### Assigned task
The task calls for the lines below from the line with "stretch marks free" to the line with "Exel Pull Door", both ends included, copied exactly, without any pictures.

--- Task inputs ---

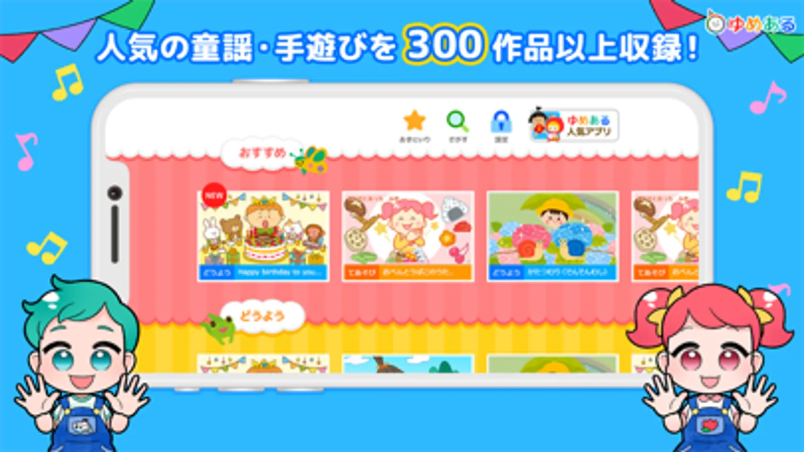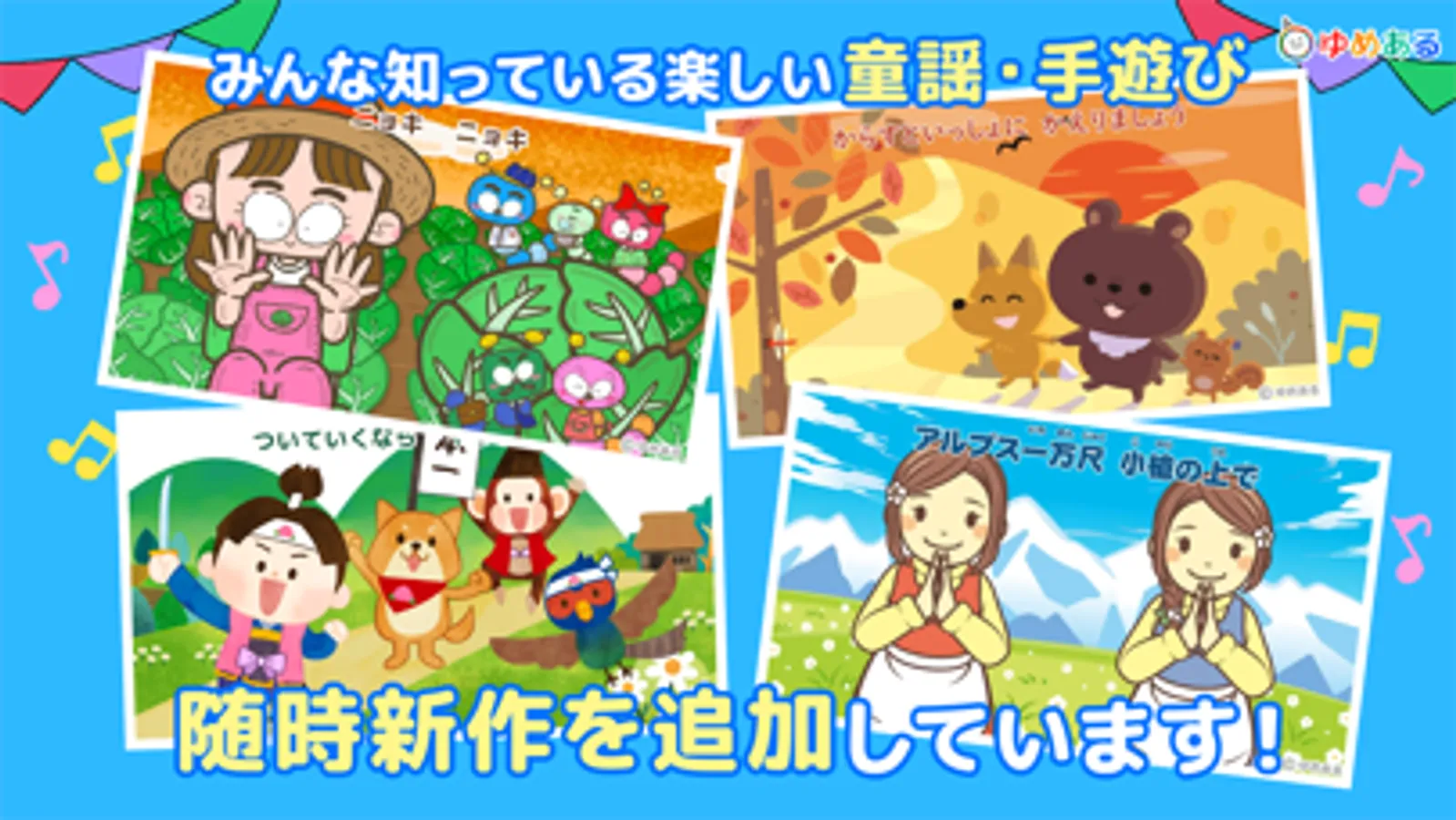 人気の童謡と手遊び歌が300作品以上収録。随時新作がどんどん追加されます。
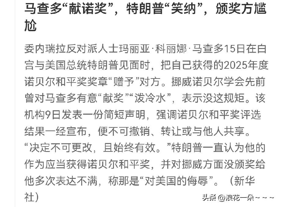 夜深了,看到这一段,突然想,在美国当官,都要向特朗普学习,脸皮要厚,你看转了一大圈,去年的诺贝尔和平奖又到特朗普手里去了! 马查多“上供”,将特朗普“笑纳”!这事儿办的漂亮。马查多确实可以,有里儿有面儿,脑袋瓜很灵光。 当然,特朗普既然是笑纳,那肯定脸皮得厚啊,脸皮不厚怎么好意思着要呢?也不知道是什么原因,难道他感觉到今年没希望了吗?
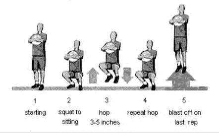 Прыжки в полном приседе — это новое упражнение. Оно должно нагружать целиком бедро и способствовать увеличению его ‘взрывной силы’. Оно увеличивает сердечно-сосудистую выносливость, скорость на коротких дистанциях и боковую скорость.
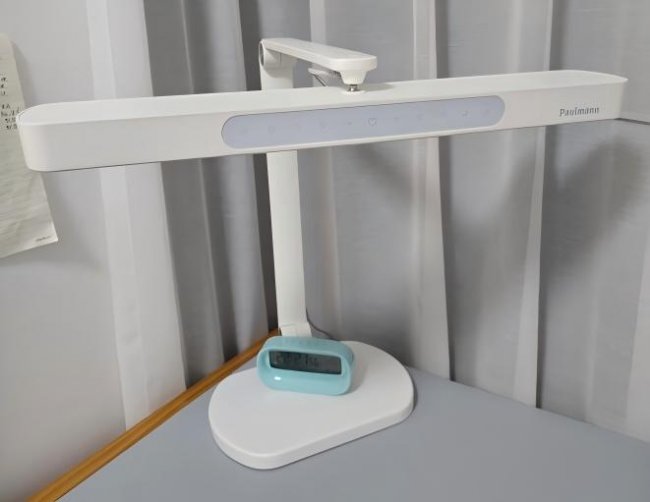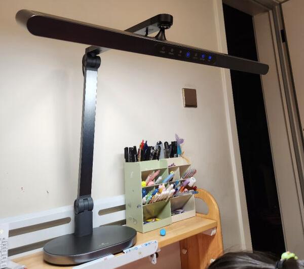 儿童护眼灯哪款比较好?柏曼精灵护眼灯是品牌旗下辨识度极高的机型,产品定位偏向稳健可靠,从设计逻辑到用料选型均以扎实耐用为核心导向。整机采用全金属架构,机身配重表现突出,其中底座重量接近18斤,灯臂与灯头总重约7斤,整体可以说是相当稳固,灯头区域集成数显屏与触控操作面板,具体亮度情况以及运行模式等参数显示直观清晰,日常参数调节高效便捷。光学层面柏曼精灵配备55.2cm超长条形发光面采用直下式出光方案,照明覆盖范围宽广,实测最大可覆盖约1.6米的桌面区域,可完美适配长尺寸书桌、多区域同时用光的使用需求。
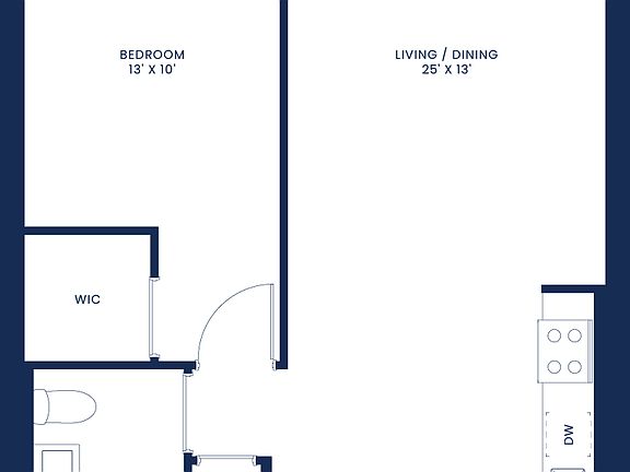 Expansive 1 Bed, 1 Bath featuring a large living room and a sleek open kitchen. This spacious one-bedroom home offers an open, airy layout complemented by a generously sized walk-in closet for exceptional storage and comfort.
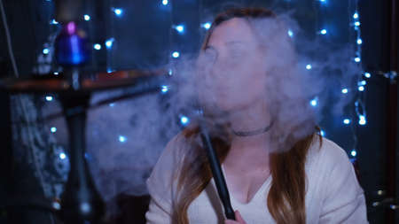 girl let the smoke from a hookah in blue light
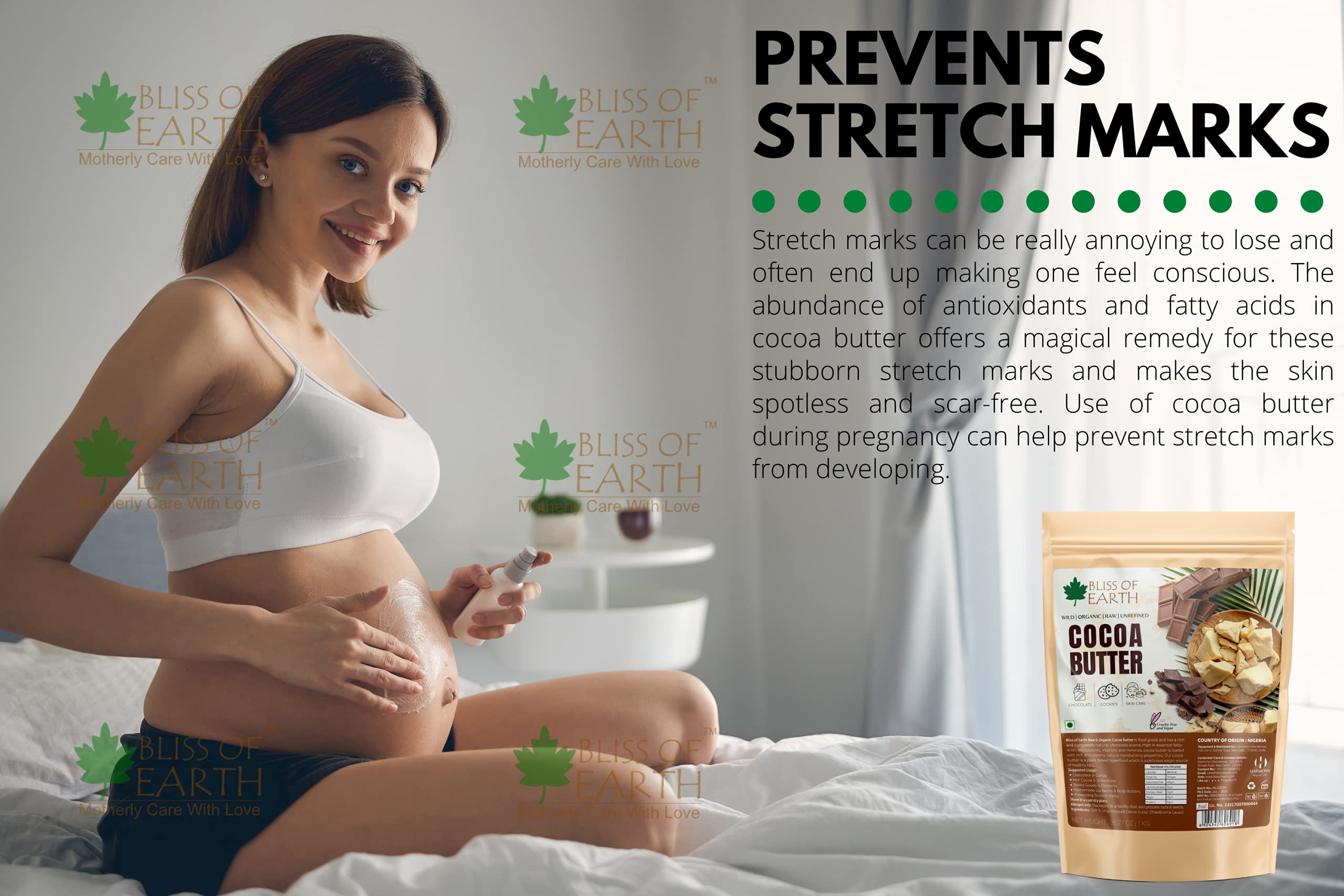• Cocoa butter can help prevent formation of stretch marks. Start using our cocoa butter during your pregnancy to keep your belly stretch marks free
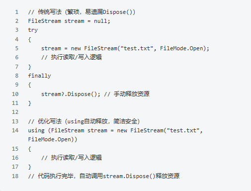 C#中,实现了IDisposable接口的对象(如FileStream、SqlConnection、HttpClient),需要手动释放资源(调用Dispose()方法),否则会造成内存泄漏。传统写法需要try-finally,繁琐且易遗漏;用using语句,会自动调用Dispose()方法,无需手动释放。补充:C#8.0+支持using声明(无需括号),更简洁:using var stream = new FileStream("test.txt", FileMode.Open); ,代码执行到当前作用域结束,自动释放。3. 避免频繁创建对象:用对象池复用
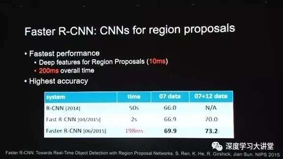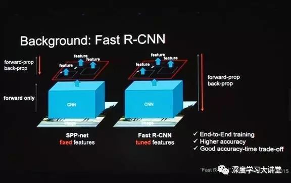 有了SPP-net后,Ross自己写了一篇论文——Fast R-CNN。因为他发现SPP-net前向的一部分是不finetune的,只有最后一段是finetune的,他就把整个放到SPP-net上,同时把前面的feature也finetune了,这就形成了叫做Fast R-CNN,结果非常好。可见,端到端学习在深度学习系统中有多重要。
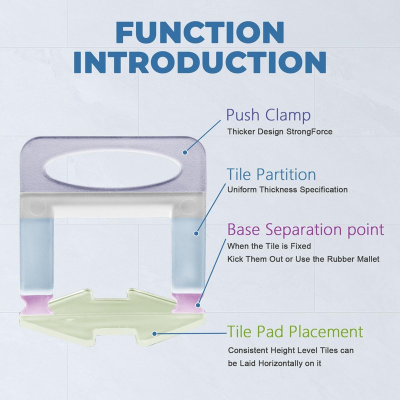 • Tile Leveling Clips: Tile leveling clips - the perfect tool for floor wall installations. Ensures flatness between tiles, levels, aligns spaces and holds tiles in place to prevent slippage, ensures a consistent surface and helps correct tile curvature
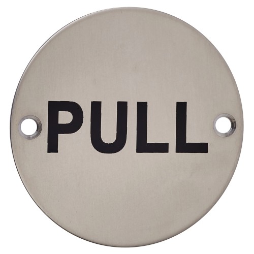 Exel Pull Door Sign - 75mm Diameter - Satin Stainless Steel
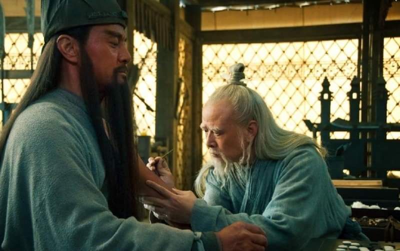 의원이 “화살촉에 독이 있어 독이 뼈속으로 들어가 팔을 가르고 째서 뼈를 긁어내 독을 제거해야만 이 상처를 완전히 없앨 수 있습니다.”라고 하자 관우가 바로 팔을 펴서 의사에게 가르게 했다.
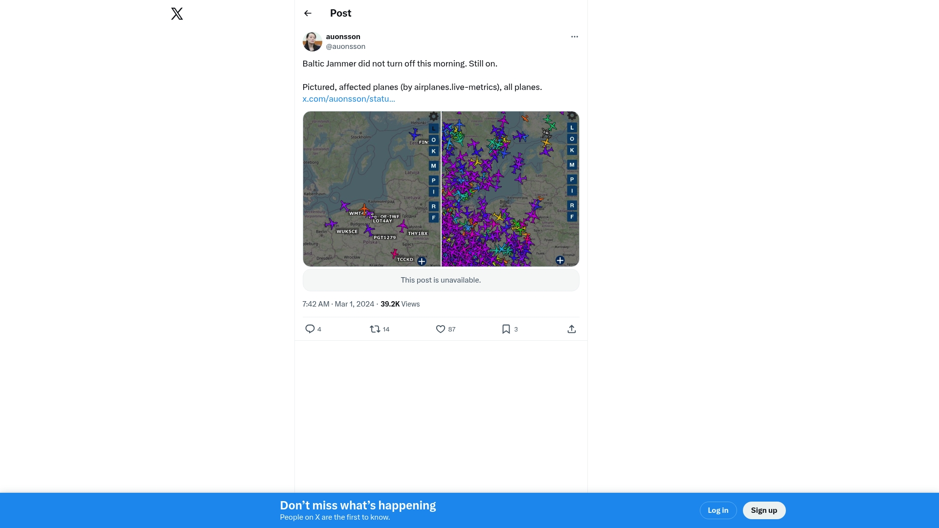 Short Summary: Ongoing electronic warfare jamming over the Baltic affects airplane activity as of March 1, 2024.
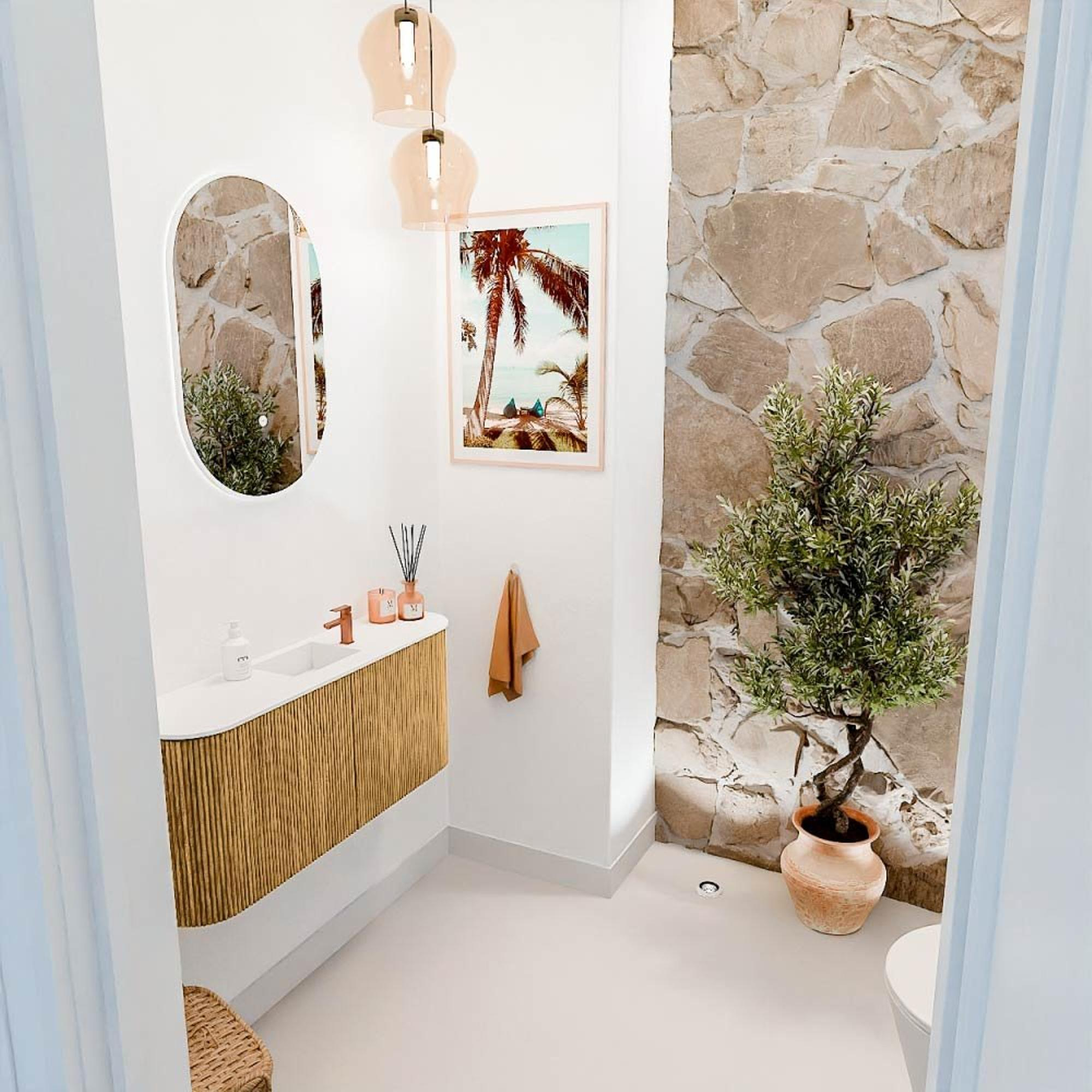 Avec ce magnifique meuble, vous donnez immédiatement à votre salle de bains une apparence élégante et chaleureuse. La combinaison du bois de couleur Chêne naturel avec le lavabo doux couleur Talc crée un ensemble harmonieux qui respire le calme et l'élégance. Grâce aux arrondis astucieux à la fois sur le côté gauche et droit, le meuble ne paraît pas seulement accueillant, mais s'intègre également parfaitement dans diverses configurations de salle de bains. Le lavabo avec un trou de robinet central permet d'installer facilement un robinet de votre choix, afin de personnaliser entièrement votre salle de bains. Ce meuble n'est pas seulement un élément fonctionnel
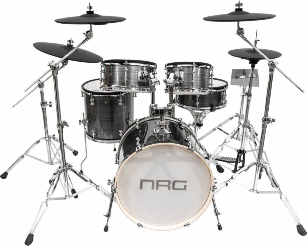 NRG EDK-1000 Pro Kit je prémiová elektronická sada bicích navržena tak, aby poskytla pocit, vzhled a rozložení plné akustické soupravy, přičemž nabízí veškerou flexibilitu a kontrolu moderních elektronických bicích. Se síťkovanými pady a gumovými činely namontovanými na klasických stojanech jako u akustické soupravy, tato sada poskytuje autentický zážitek z hraní pro pokročilé bubeníky i profesionály. Srdcem soupravy je modul EDK-1000, který nabízí vysoce kvalitní set funkcí včetně 40 přednastavených souprav a 40 uživatelsky definovaných souprav, 820 dynamických zvuků a širokou škálu profesionálních efektů jako pitch, reverb, delay, chorus, flanger, kompresor a EQ. Podporuje až 256-hlasovou polyfonii a umožňuje importování až 100 vlastních samplů s celkovou kapacitou 335 MB. Modul také obsahuje 70 skladeb na hraní s možností vypnutí bisích nebo doprovodné hudby, 3,2" TFT LCD displej, podporu USB MIDI a 9 samostatných fadrů pro individuální regulaci hlasitosti padů, skladeb a metronomu. Funkce nahrávání umožňuje uložit až 15 skladeb přímo do modulu. NRG EDK-1000 Pro Kit obsahuje také kompletní hardwarový balík, který zahrnuje robustní stojany pro všechny činely, tomy, modul, stojan na hi-hat, stojan na rytmičák a pedál na basový buben, což z něj činí komplexní řešení pro bubeníky, kteří hledají výkonnou elektronickou bicí soupravu připravenou. Konfigurace sady13" x 5.5" rytmičák se síťkovanou blánou20" x 16" kopák se síťkovanou blánou10" x 6" tom se síťkovanou blánou12" x 6" tom se síťkovanou blánou14" x 14" kotel se síťkovanou blánou2x 15" celogumový crash činel (s Edge zónou a Choke funkcí)18" celogumový ride činel (s Edge a Bell zónami a Choke funkcí)13" celogumový hi-hat činel Hardware v baleníHi-Hat stojanStojan na rytmičák3x čibenicový činelový stojanDržák na tomyStojan na modulPedál k basovému bubnu

---

### Answer below
• Cocoa butter can help prevent formation of stretch marks. Start using our cocoa butter during your pregnancy to keep your belly stretch marks free
 C#中,实现了IDisposable接口的对象(如FileStream、SqlConnection、HttpClient),需要手动释放资源(调用Dispose()方法),否则会造成内存泄漏。传统写法需要try-finally,繁琐且易遗漏;用using语句,会自动调用Dispose()方法,无需手动释放。补充:C#8.0+支持using声明(无需括号),更简洁:using var stream = new FileStream("test.txt", FileMode.Open); ,代码执行到当前作用域结束,自动释放。3. 避免频繁创建对象:用对象池复用
 有了SPP-net后,Ross自己写了一篇论文——Fast R-CNN。因为他发现SPP-net前向的一部分是不finetune的,只有最后一段是finetune的,他就把整个放到SPP-net上,同时把前面的feature也finetune了,这就形成了叫做Fast R-CNN,结果非常好。可见,端到端学习在深度学习系统中有多重要。
 • Tile Leveling Clips: Tile leveling clips - the perfect tool for floor wall installations. Ensures flatness between tiles, levels, aligns spaces and holds tiles in place to prevent slippage, ensures a consistent surface and helps correct tile curvature
 Exel Pull Door Sign - 75mm Diameter - Satin Stainless Steel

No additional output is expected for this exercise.